Cela va le ramener au 8 octobre 2001. À l’époque, Belgrade, c’est la Yougoslavie. Et Paul Philipp va y écrire le dernier chapitre d’une carrière de sélectionneur national longue de 16 années et 87 matches. Il a pris cette équipe en main à l’âge de 34 ans, il va la quitter pour ses 50 ans. Mais pour l’heure, officiellement, il n’est pas au courant de ce qui se trame. Il arrive en fin de contrat et a convenu avec Henri Roemer, son président depuis janvier 1998, de se revoir un peu avant les fêtes de Noël. «On ne sera jamais arrivés jusque-là, sourit-il, fataliste. Les médias, eux, le savaient déjà! La preuve, cela a été annoncé alors qu’on était dans l’avion du retour. Je pense que cela s’était dessiné de longue date, que ce n’est pas venu d’un jour à l’autre.»
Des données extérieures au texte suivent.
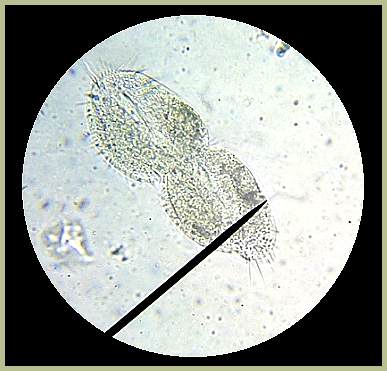 Paramecium increase their numbers by a process known as "binary fission", the simplest of the reproductive processes of Protozoa. The Paramecium pictured here will split into two, and each one might again divide by the end of the day.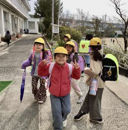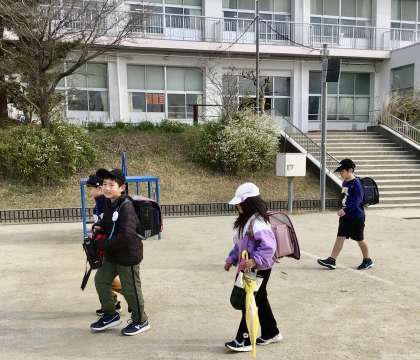 本日は、修了式、教室移動、学級活動などを行い、給食なしの一斉下校です。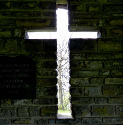 Tag: croce, albero, muro, mattoni, lapide, fessura, targa, caduti, finestra, pianta.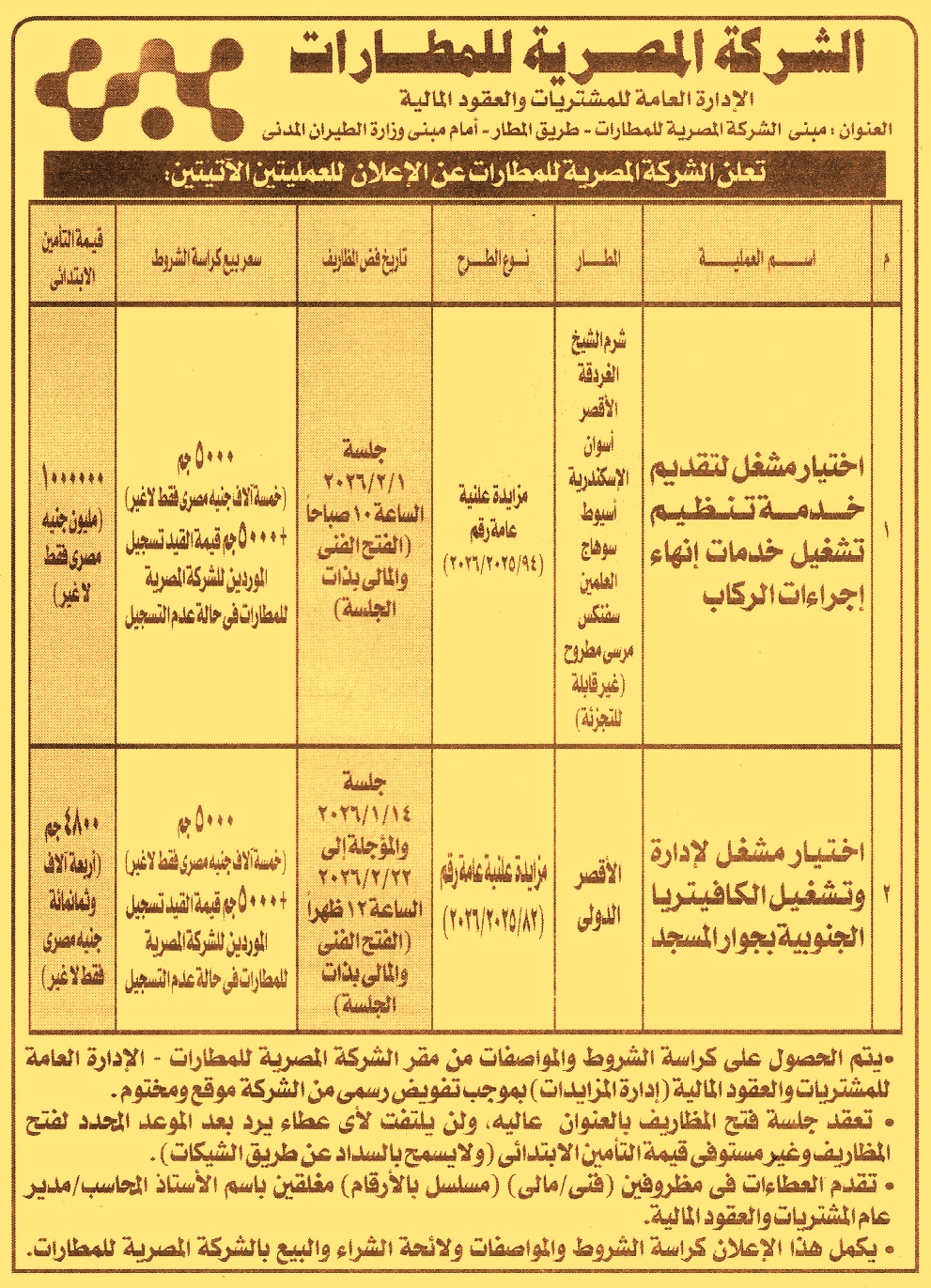 HOT Information مزايدة علنية عامة رقم 94/2025/2026 لعملية اختيار مشغل لتقديم خدمة تنظيم تشغيل خدمة إنهاء إجراءات الركاب بمطارات شرم الشيخ والغردقة والأقصر وأسوان والإسكندرية وأسيوط وسوهاج والعلمين وسفنكس ومرسى مطروح عن جريدة الأهرام Post navigation نادي جرين هيلز المركز الطبي للعاملين بقطاع البترول بالسويس

Les rumeurs prétendront en effet avoir vu un mois plus tôt Alan Simonsen, alors entraîneur des Îles Féroé (qui battra deux fois le Grand-Duché dans ces éliminatoires du Mondial-2002), s’exfiltrer de… l’hôtel du Luxembourg au sortir d’une prise de contact avec les dirigeants de la FLF. «Je n’imagine pas un type comme lui faire ça», s’étonne encore aujourd’hui René Peters, alors jeune premier de cette sélection qui galère. Quatre mois plus tard, c’est en tout cas l’ancien Ballon d’or danois qui sera aux commandes contre l’Albanie…
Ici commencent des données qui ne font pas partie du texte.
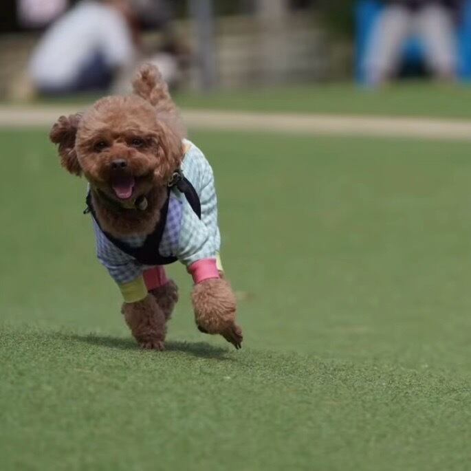 ワンちゃんの動きやすさを考えて良く伸びる2WAY生地を使用、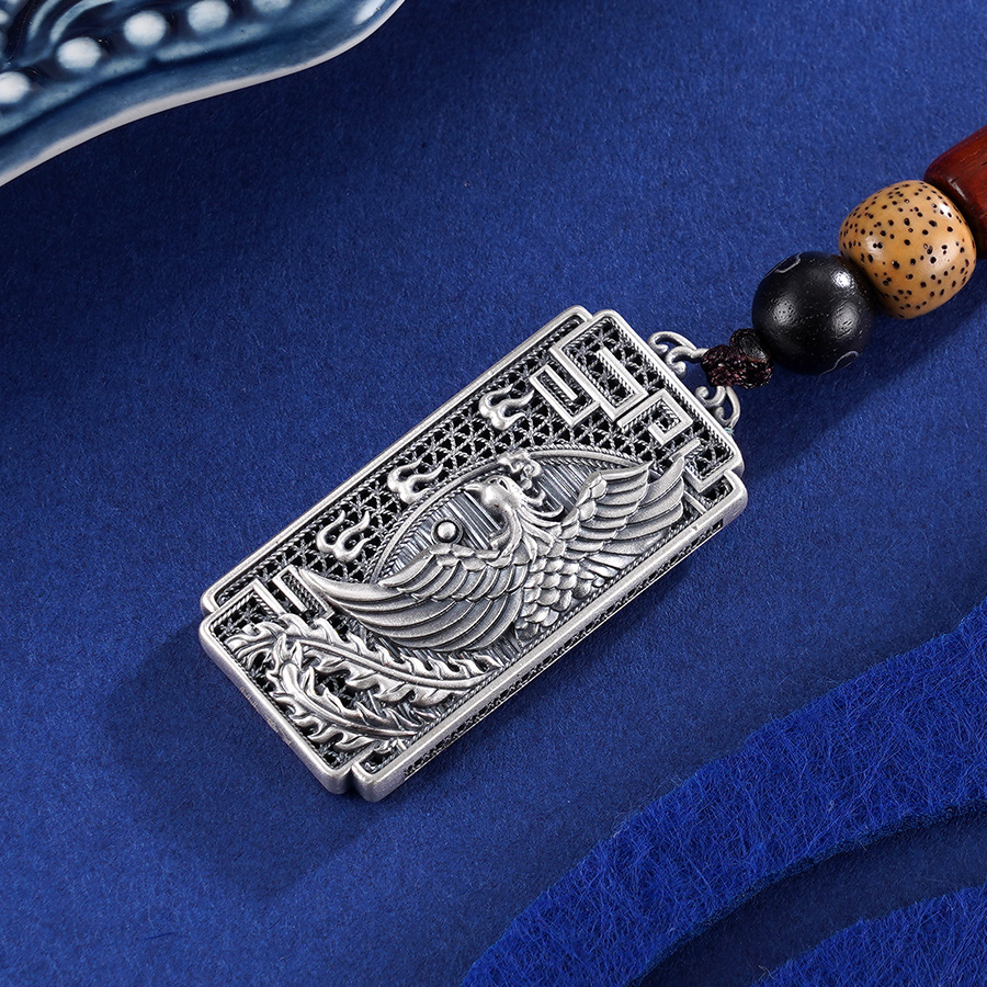 子佩集S999银【龙章凤姿】钥匙扣【DZ826】花丝仿古凤牌纯银2402

«On se doutait que cela allait arriver»
Belgrade est donc l’histoire d’une fin de règne. Tout cumulé, entre sa carrière de joueur international et celle de sélectionneur, cela fait 30 ans précisément que Paul Philipp est au contact des Roud Léiwen. Il avouera même un jour, à des journalistes éberlués, qu’il ne saurait «pas comment vivre sans». En attendant, il a beau «pressentir» que quelque chose va arriver, le technicien refuse de changer quoi que ce soit. «Mon dernier entraînement a été dirigé comme tous les autres. Je n’y ai pas fait référence avant la partie, je voulais surtout ne rien montrer aux joueurs. Et après, je leur ai dit de surtout bien se concentrer sur ce qui allait venir parce que c’était leur carrière et qu’on sortait d’une campagne ratée. Au coup de sifflet final, j’ai senti que quelque chose se terminait. C’était le droit de la FLF de prendre cette décision. J’aurais juste aimé qu’on en parle.»
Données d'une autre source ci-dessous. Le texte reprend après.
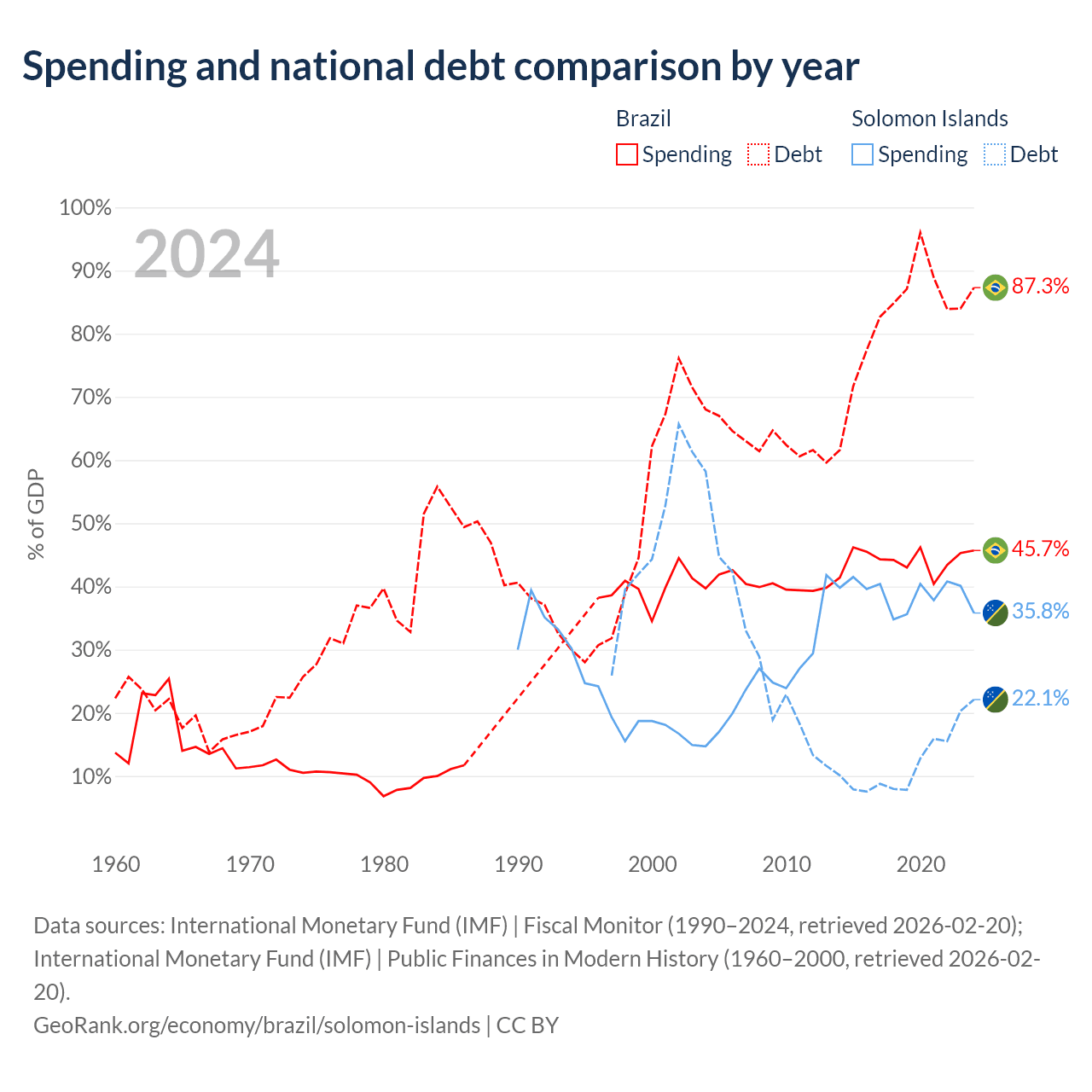 Brazil has $1.91T in government debt (87.3% of GDP), compared to $350M (22.1% of GDP) in the Solomon Islands.
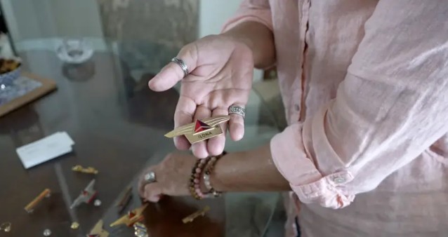 Sobre sua mesa da sala de estar, ela abre suas “asas”, os distintivos que levam seu nome e que ela costumava inserir na lapela do uniforme, quando prestava serviços aos passageiros.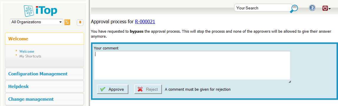 The email contains a web link to display the web page to approve or reject the request. The approver does not need to login into iTop (the links contains that information).

C’est drôle, Paul Philipp revient précisément au moment où Luc Holtz vient de le dépasser dans la hiérarchie des sélectionneurs luxembourgeois ayant dirigé le plus de rencontres. L’idée le fait sourire, puis rire : «J’ai appris ça. Je ne le savais pas. C’est juste la preuve qu’on joue beaucoup plus de matches que dans le temps. Ce n’est pas anecdotique, c’est la preuve qu’il fait ça bien. Mais est-ce que lui passera le cap des seize ans à la tête de cette équipe? Je lui souhaite.»
On lui souhaite aussi que ce match à Belgrade se termine mieux que le 6-2 de 2001, sur la pelouse du Partizan, alors que les Roud Léiwen étaient à 1-1 à la pause grâce à un but un peu fou de René Peters («Il voulait centrer», se marre Philipp) et ont même mené 1-2 grâce à Marcel Christophe. «On se doutait que ça allait arriver, cette destitution, se remémore aujourd’hui Peters. Cela faisait une éternité qu’il était là mais quand on en parlait entre joueurs, on ne parvenait pas à s’imaginer cette sélection sans lui.» Sans Philipp et ses manières qui font encore marrer l’actuel coach de Hostert : «Moi, quand j’ai marqué, j’ai fait un signe vers le banc et il m’a crié de ne pas croire que j’avais fait un bon match et de me replacer derrière.»
Mais Peters est d’accord sur un point : l’histoire se serait sûrement écrite tout pareil en cas de victoire à Belgrade, mais elle aurait été plus amère alors pour le sélectionneur national. «J’ai vécu de meilleurs moments qu’à Belgrade, admet Philipp. Parce que c’était la fin de la pièce.» Trente ans au bord des terrains et au chevet du Luxembourg.